In 1871, the body of Georges Darboy, the Archbishop of Paris, "who had perished in the disorders of the commune", was exhumed in order to receive the last honors, and Chartran made a portrait of the Archbishop in his official robes and on his catafalque. This painting was widely admired by the public and for it, he won the Grand Prix de Rome in 1877.

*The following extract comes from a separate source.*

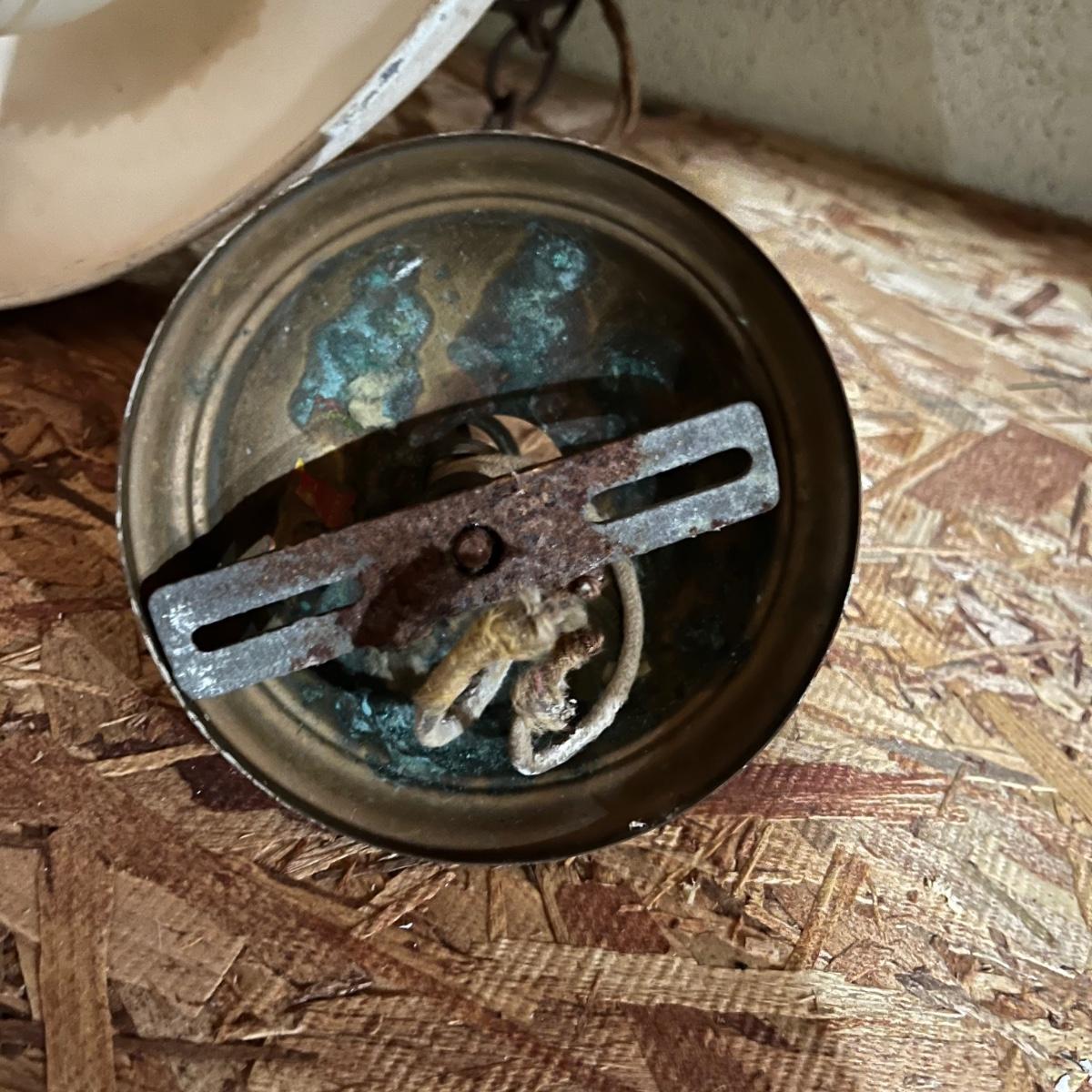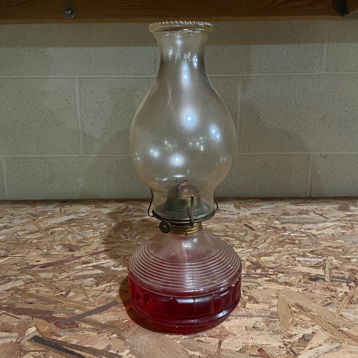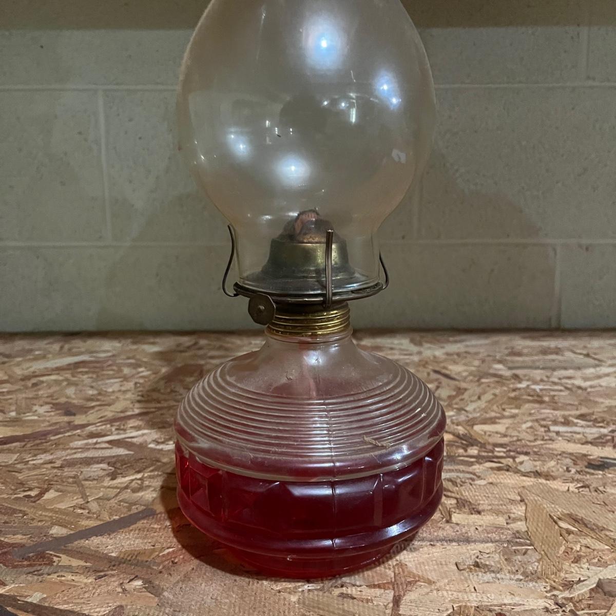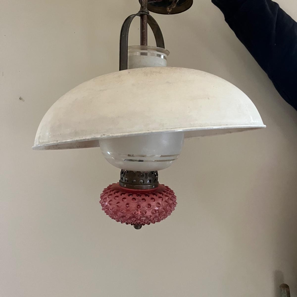 Lot includes a retro hanging lamp with a unique spiked glass body, an oil lamp, and a candleholder. Hanging lamp measures 16” D x 16” tall not including chain. Lamp was not tested.

As "T", he was one of the artists responsible for occasional caricatures of Vanity Fair magazine, specializing in French and Italian subjects. His work for Vanity Fair included Pope Leo XIII, Giuseppe Garibaldi, Umberto I of Italy, William Henry Waddington, all in 1878, Charles Gounod, Giuseppe Verdi, Ernest Renan, Jules Grévy, Napoléon Joseph Charles Paul Bonaparte, Victor Hugo, Marshal MacMahon, Granier de Cassagnac, Louis Blanc, and Alexandre Dumas fils, all in 1879.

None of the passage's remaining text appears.